Log rotation and Backpressure-Strategies are mandatory: full disks or blocking log writers have a direct effect on response times. I also calibrate swappiness, HugePages (where appropriate) and NUMA strategies on hosts with many cores so that workers are not slowed down by memory accesses across nodes.
LSAPI and FPM units in operation
LSAPI benefits from stable, long-lasting processes and efficient request dispatch. I regulate the maximum number of requests per worker to limit memory leak effects and monitor restarts in live operation. With FPM I choose ondemand for sites with irregular traffic, dynamic for a constant load. I define pm.max_requests so that sporadic leaks or fragmentation do not play a role. I set request_slowlog_timeout close enough to recognize real hangs early, but not so close that complex admin operations constantly sound the alarm.

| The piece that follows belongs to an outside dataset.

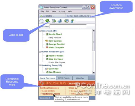 Sametime Advanced的即時共享功能使用戶能夠啟動屏幕或應用分享會話,并支持其他參與者“驅(qū)動”并修改文檔。此外,用戶還能夠事先安排同事的位置,突出顯示用戶位置和離線聯(lián)系人上次出現(xiàn)的位置,節(jié)約時間和精力。

For both worlds, I verify the Signaling pathways for reloads and define escalation paths if workers do not restart cleanly. This prevents a deployment in the middle of the day from causing disruption to the platform.
Checklist: Selection and tuning in practice
- Define target: maximum Compatibility (FPM) vs. minimum tail latency (LSAPI) vs. very hard separation (CGI).

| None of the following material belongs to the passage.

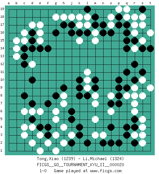 Last move : 1-0 2010 May 15 19:31:22 [Event "FICGS__GO__TOURNAMENT_KYU_II__000020"] [Site "FICGS"] [Date "2010.04.02"] [Round "1"] [Black "Tong,Xiao"] [White "Li,Michael"] [Result "1-0"] [Rating 1 "1239"] [Rating 2 "1324"] 1.q16 d4 2.q4 d17 3.d15 d12 4.g16 e15 5.e14 e16 6.f14 c15 7.c14 b15 8.d16 c16 9.d14 e17 10.d10 b14 11.c12 b13 12.c13 o17 13.m17 r17 14.q17 r16 15.q15 q18 16.p18 r18 17.p17 r14 18.f3 c6 19.k4 r6 20.o4 q10 21.r8 q8 22.q9 r9 23.p9 r7 24.r10 s8 25.s9 r8 26.q11 r11 27.p10 s10 28.s11 q10 29.r15 s15 30.r10 t9 31.r12 r3 32.r4 s4 33.q3 s2 34.r2 s3 35.q14 g18 36.s14 t16 37.h17 h18 38.j17 j18 39.d3 c3 40.e4 d2 41.e2 e3 42.t14 q19 43.d3 k17 44.k16 l17 45.l16 e3 46.s19 s18 47.d3 o18 48.m18 p19 49.o16 l18 50.d5 c4 51.d7 e3 52.f4 f2 53.g2 e1 54.o7 m7 55.m9 l9 56.l8 m8 57.k9 l10 58.k10 o8 59.p8 o6 60.p7 m5 61.m10 l11 62.k8 m3 63.n2 n3 64.o2 h2 65.h3 g1 66.j2 g3 67.l2 h4 68.j5 j3 69.k3 g6 70.g8 e6 71.f7 d6 72.p2 h7 73.j6 g5 74.r5 s5 75.s16 s17 76.c8 m16 77.n16 m15 78.l19 k18 79.n17 k15 80.j16 h8 81.h9 1-0 Here are the names of the openings (joseki) played in the four corners : Corner d16 : d17 d15 Komoku (Somok, Xiao~mu`) 3-4 Point. The komoku (3-4) point is the traditional corner enclosure move.. Ikken Takagakari (Hankan Nop'dakeolch'im, Yi Gaogua`jiao~, 1-Space High Approach). The 5-4 approach move has become more popular in modern times, as modern Go emphasizes speed and influence. Corner q16 : q16 o17 Hoshi (Hwajeom, Seongjeom, Xingwei`) 4-4 Point. The star or hoshi (4-4) point, emphasizing influence at the potential expense of territory. Ikken Kakari (Hankan Keolch'im, Yi Gua`jiao~, 1-Space Low Approach). White 2 is the standard approach move to the 4-4. Corner d4 : d4 f3 Hoshi (Hwajeom, Seongjeom, Xingwei`) 4-4 Point. The star or hoshi (4-4) point, emphasizing influence at the potential expense of territory. Ikken Kakari (Hankan Keolch'im, Yi Gua`jiao~, 1-Space Low Approach). Black 2 is the standard approach move to the 4-4. Corner q4 : q4 r6 Hoshi (Hwajeom, Seongjeom, Xingwei`) 4-4 Point. The star or hoshi (4-4) point, emphasizing influence at the potential expense of territory. Ikken Kakari (Hankan Keolch'im, Yi Gua`jiao~, 1-Space Low Approach). White 2 is the standard approach move to the 4-4. Player Black won this Go (weiqi, baduk) game. Follow this game move after move (download)I really believe that Go is destined to take the place of Chess as the leading intellectual game of the Occident, just as it has reigned supreme in the Orient for some four thousand years. (Edward Lasker, international chess master) Life is the sum of all your choices. (Albert Camus)

- Clarify server role: One-host setup (Unix socket) or separate levels (TCP) - Set timeouts/backlog appropriately.
- Pools per account/site: own UID/GID, tight limits for memory, requests and time; activate slowlog.

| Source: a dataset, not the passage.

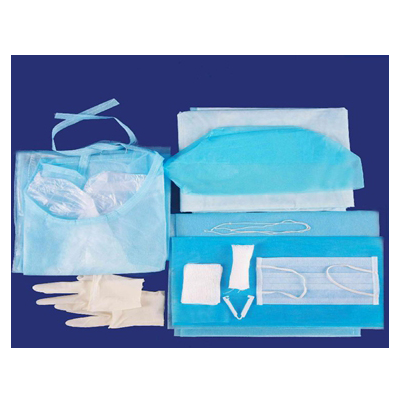 结构及组成:手术包A型由基本配置:一次性医用中单和选用配置:一次性无菌手术衣、剖腹单、医用脱脂纱布块、一次性治疗巾、一次性使用灭菌橡胶外科手套、一次性使用医用橡胶检查手套、一次性使用聚氯乙烯医用检查手套、医用外科口罩、一次性无菌医用口罩、一次性无菌医用帽、一次性医用包布、一次性使用洞巾、医用纱布垫、一次性医用垫、医用棉球、无菌塑柄手术刀、镊子、海绵刷、塑料碗、弯盘、塑料盆、药杯、医疗器械防护罩、衣服夹、托盘组成。B 型由基本配置:一次性使用聚乙烯检查手套和选用配置:一次性无菌手术衣、剖腹单、医用脱脂纱布块一次性治疗巾、一次性使用灭菌橡胶外科手套、一次性使用医用橡胶检查手套、一次性使用聚氯乙烯医用检查手套、医用外科口罩、一次性无菌医用口罩、一次性无菌医用帽,一次性医用包布、一次性使用洞巾、医用纱布垫、一次性医用垫、医用棉球、无菌塑柄手术刀:镊子、海综刷、塑料碗、弯盘、塑料盆、药杯、医疗器械防护罩、衣服夹、托盘组成。

- OPcache: sufficient size, high hit rate, revalidate strategy suitable for deployment; preloading if necessary.
- Storage: fast path for code/cache, dimension realpath cache, observe NFS special features.
- DB/Cache: Connections and timeouts consistent with pm.max_children; eliminate N+1 queries.
- Caching layer: Combine reverse proxy, page cache and application cache; invalidate instead of emptying blindly.
- Observability: P95/P99, queue length, worker states, OPcache hit rate, I/O and backend latencies at a glance.
- rollouts: Graceful reloads, warmup, atomic deployments, selective cache invalidation.
- Capacity planning: burst reserves, no overbooking; realistically assess the costs/benefits of LSAPI licenses.
Briefly summarized: my classification
For mixed hosting environments PHP-FPM the best balance of performance, isolation and compatibility. On LiteSpeed stacks, LSAPI brings measurable advantages in terms of tail latencies and RAM consumption. CGI is suitable for strict separation in niche cases, but falls behind in dynamic projects. I initially rely on FPM with clear pool limits, activated OPcache and a clean web server setup. If you expect a lot of competition, test LSAPI on LiteSpeed and then make a decision. Cost-benefit-decision.